Pero claro. Como en toda rutina física, con el tiempo y la práctica periódica fui abandonando ese estado calamitoso y humillante, y fui logrando más resistencia y avance y velocidad. Eso sí. Tampoco me malinterpreten, y vayan a pensar que estoy apto para una competencia, o algo por el estilo. De ninguna manera. Estoy lejísimos de eso. Pues así como algunos nadan a ‘velocidad crucero’, yo voy a ‘velocidad peque-peque’, digamos, si acaso cabe la metáfora. Y pongo por testigo a mi vecino de página, Mirko Lauer, quien es un veterano nadador y con quien me ha tocado, dicho sea de paso, compartir carril en más de una oportunidad. Él siempre a mi izquierda, y yo siempre a su derecha, aunque suene a símil ideológico.
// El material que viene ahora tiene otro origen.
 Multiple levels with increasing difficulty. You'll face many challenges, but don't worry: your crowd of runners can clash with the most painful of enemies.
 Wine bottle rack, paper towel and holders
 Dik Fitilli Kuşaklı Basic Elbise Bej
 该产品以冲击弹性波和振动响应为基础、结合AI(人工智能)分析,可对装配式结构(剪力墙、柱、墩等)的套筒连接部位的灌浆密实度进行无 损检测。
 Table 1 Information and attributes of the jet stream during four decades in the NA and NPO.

Como ven. He mejorado, pero no le llego ni a la punta de la aleta a Michael Phelps, quien se mueve con la velocidad de un látigo gracias a la potencia de su inigualable patada de delfín. Y bueno. Tampoco estoy en el plan de controlar mis distancias o de batir mis propios récords, como hacen otros. Por eso, cuando me preguntan cuántos metros nado o cuántas piscinas me hago, no sé qué responder. Porque no tengo la menor idea, la verdad. Pues yo nado cuarenta y cinco minutos, y a mi aire. 
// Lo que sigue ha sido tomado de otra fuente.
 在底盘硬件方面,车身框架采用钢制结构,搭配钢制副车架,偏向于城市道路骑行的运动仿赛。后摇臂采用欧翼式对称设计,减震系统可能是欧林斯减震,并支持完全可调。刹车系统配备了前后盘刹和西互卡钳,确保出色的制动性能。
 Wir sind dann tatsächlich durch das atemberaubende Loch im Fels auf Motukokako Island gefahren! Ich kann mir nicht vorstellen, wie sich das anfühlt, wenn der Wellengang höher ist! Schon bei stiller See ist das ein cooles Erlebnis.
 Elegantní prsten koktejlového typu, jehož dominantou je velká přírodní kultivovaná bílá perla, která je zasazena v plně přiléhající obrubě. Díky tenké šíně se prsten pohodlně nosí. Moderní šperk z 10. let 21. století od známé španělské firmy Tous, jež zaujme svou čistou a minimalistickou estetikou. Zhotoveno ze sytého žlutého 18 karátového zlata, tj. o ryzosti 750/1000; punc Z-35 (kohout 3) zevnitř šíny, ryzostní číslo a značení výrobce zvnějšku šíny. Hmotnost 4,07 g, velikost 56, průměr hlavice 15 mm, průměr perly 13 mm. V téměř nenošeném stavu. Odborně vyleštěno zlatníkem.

Pero a lo que iba. Los resultados de esta costumbre de nadar unas tres veces a la semana, han sido, además de saludables, gananciosos. Los resultados saludables, son los más obvios. La natación limpia los pulmones, mejora nuestra capacidad cardiorrespiratoria, sube el estado de ánimo, reduce el estrés, tonifica y estira los músculos, y esas cosas. Los otros efectos benéficos tienen que ver más bien con el interior de uno mismo. 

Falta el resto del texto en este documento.